* Problem details: Which lines run from the one containing "Mantex PP Non-Woven" through the last line of the records? Copy them exactly, leaving pictures out.

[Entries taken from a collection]
______________________________
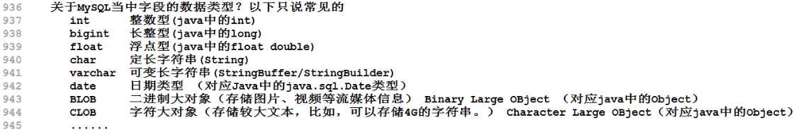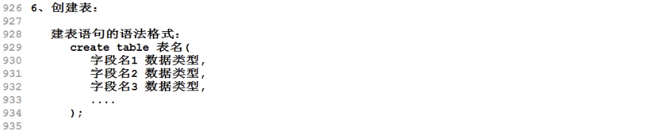 【创建表】【创建表的语法格式】【表中字段的数据类型】【int/bigint/float/char/varchar/date/BLOB/CLOB】
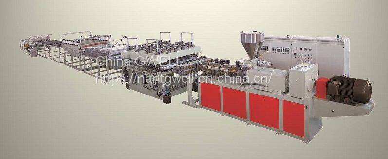 The production line of PVC skin foam, semi-skin foam and co-extrusion core layer foam plate is composed of special conical twin screw extruder, plate mold, calibration unit (three rollers) and auxiliary machine. The equipment has the characteristics of large output, stable extrusion, high foaming rate, smooth and wear-resistant surface. By printing, laminating and hot pressing equipment, it can also produce all kinds of imitation wood products, which are widely used. GWELL offers a full range of formulations and processes.
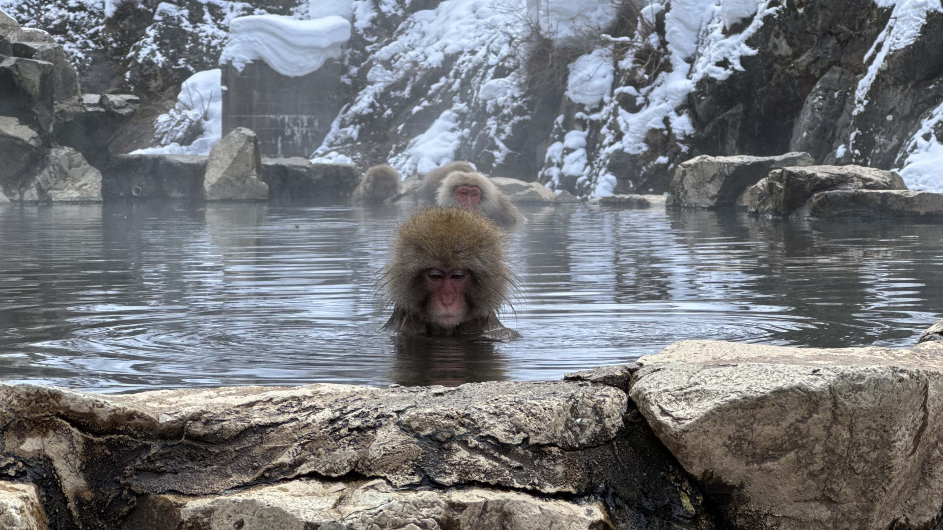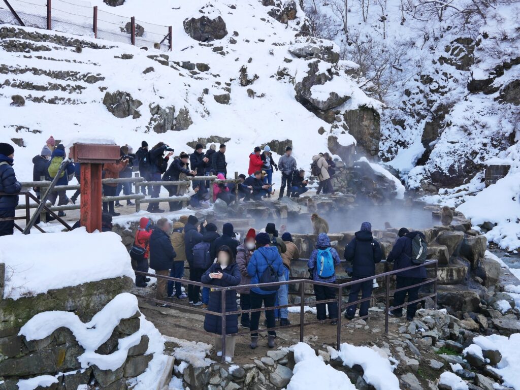 気温がマイナスになるような寒い日ほど、猿たちは暖を求めて温泉に集まります。
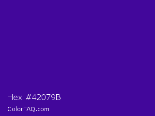 Hex #42079b Color is a normal violet color and the nearest color is Pixie Powder #391285. Hex code #42079b and RGB value is rgb(66,7,155). In RGB color space, this color is composed of 26% red, 3% green, 61% blue, In CMYK color space, this color is composed of 57% cyan, 95% magenta, 0% yellow , 39% black , In HSL color space, this color has a hue angle of 264° , 91% saturation and 32% lightness.
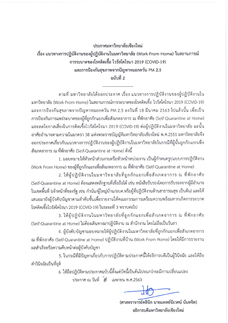 ประกาศมหาวิทยาลัยเชียงใหม่ เรื่องแนวทางการปฏิบัติงานของผู้ปฏิบัติงานในมหาวิทยาลัย (Work From Home) ในสถานการณ์การระบาดของโรคติดเชื้อไวรัสโคโรนา 2019 (COVID-19) และการป้องกันสุขภาพจากปัญหาหมอกควัน PM 2.5 ฉบับที่ 2
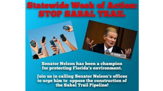 Apr 18, 2017 — This week we are joining organizations across the state, calling on Senator Nelson to take action to stop the Sabal Trail Pipeline. The Senator has long been a champion for protecting the environment in Florida, and we need him now more than ever.
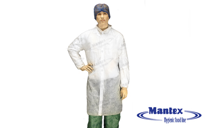 Mantex PP Non-Woven bezoekersjas met kraag en drukknoop 40gr. wit XL 50/ds - 630106
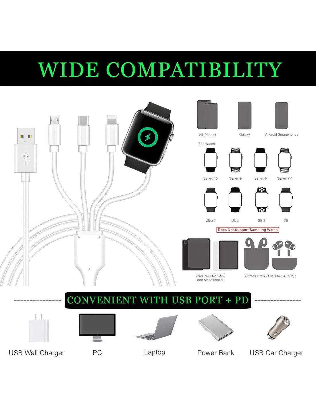 - [COMPATIBILIDAD UNIVERSAL] Nuestro cable es compatible con la serie de relojes 10/9/8/7/6/SE2/SE/5/4/3/2/1/Ultra 2/Ultra/Watch Nike+/Watch Herms/Watch Edition, iPhone 16/15/14/13/12/12Pro/11/11Pro/XS/XS Max/XR/8/8 Plus 7/7 Plus, serie iPad, AirPods 4/3/2/1/Pro 2/Pro/Max. Tipo-C para Samsung Galaxy, LG, Google Pixel, Nexus, Huawei, Lumia, One Plus. Micro USB para la mayoría de los teléfonos Android, Pods, auriculares TWS y más
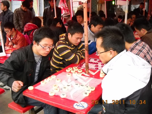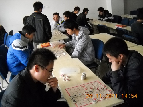 比赛于26日上午9:30正式开始。第一场比赛为淘汰赛,共两轮,均是一局定输赢,可谓竞争异常激烈。上午在西街七杯茶比赛,寒风凛冽,但选手们个个士气高昂,充满自信,从他们那敏锐的眼光中就可看出,再冷的天气也冷却不了他们那炙热的内心以及那不到最后一刻绝不轻言放弃的信念。第一轮结束,获胜的选手浮出水面,然后进入下一轮的比赛。第二轮更是招招惊险,落子无悔,稍不注意,就“战死沙场”。下午2:30左右,是大赛的预赛阶段,在社团活动室正式进行。这不比淘汰赛,更是高手过招,非同一般。且看,双方均剩下一车一兵,可谓旗鼓相当,谁也不退让。卒子过河半条车,这不是夸张,当卒子深入敌后的时候,你才会发现他的危害,所以不可轻视小人物,在微不足道的人物终有一天会成为制胜的关键。
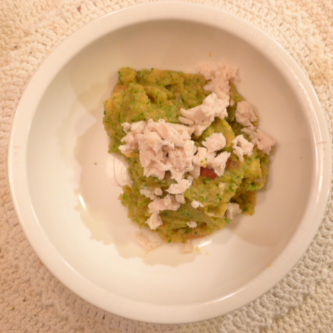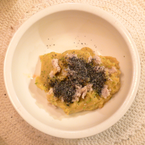 【夜食】安納芋10g 野菜10g 六条麦茶20g 豆腐20g きゃべつ8g
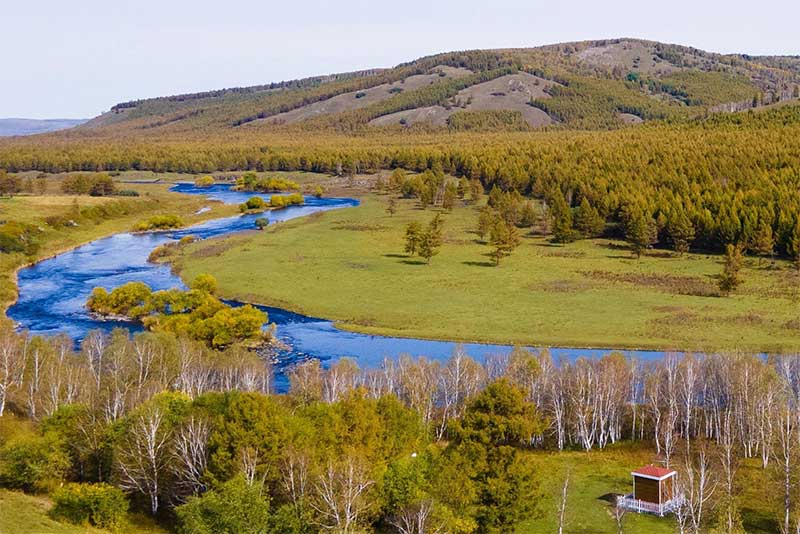 9月後,草原由綠變金,莫日格勒河如絲帶蜿蜒,日出日落美不勝收。可騎馬穿越草原、住星空蒙古包、體驗牧民生活。
______________________________
* Task answer:
 Mantex PP Non-Woven bezoekersjas met kraag en drukknoop 40gr. wit XL 50/ds - 630106
 - [COMPATIBILIDAD UNIVERSAL] Nuestro cable es compatible con la serie de relojes 10/9/8/7/6/SE2/SE/5/4/3/2/1/Ultra 2/Ultra/Watch Nike+/Watch Herms/Watch Edition, iPhone 16/15/14/13/12/12Pro/11/11Pro/XS/XS Max/XR/8/8 Plus 7/7 Plus, serie iPad, AirPods 4/3/2/1/Pro 2/Pro/Max. Tipo-C para Samsung Galaxy, LG, Google Pixel, Nexus, Huawei, Lumia, One Plus. Micro USB para la mayoría de los teléfonos Android, Pods, auriculares TWS y más
 比赛于26日上午9:30正式开始。第一场比赛为淘汰赛,共两轮,均是一局定输赢,可谓竞争异常激烈。上午在西街七杯茶比赛,寒风凛冽,但选手们个个士气高昂,充满自信,从他们那敏锐的眼光中就可看出,再冷的天气也冷却不了他们那炙热的内心以及那不到最后一刻绝不轻言放弃的信念。第一轮结束,获胜的选手浮出水面,然后进入下一轮的比赛。第二轮更是招招惊险,落子无悔,稍不注意,就“战死沙场”。下午2:30左右,是大赛的预赛阶段,在社团活动室正式进行。这不比淘汰赛,更是高手过招,非同一般。且看,双方均剩下一车一兵,可谓旗鼓相当,谁也不退让。卒子过河半条车,这不是夸张,当卒子深入敌后的时候,你才会发现他的危害,所以不可轻视小人物,在微不足道的人物终有一天会成为制胜的关键。
 【夜食】安納芋10g 野菜10g 六条麦茶20g 豆腐20g きゃべつ8g
 9月後,草原由綠變金,莫日格勒河如絲帶蜿蜒,日出日落美不勝收。可騎馬穿越草原、住星空蒙古包、體驗牧民生活。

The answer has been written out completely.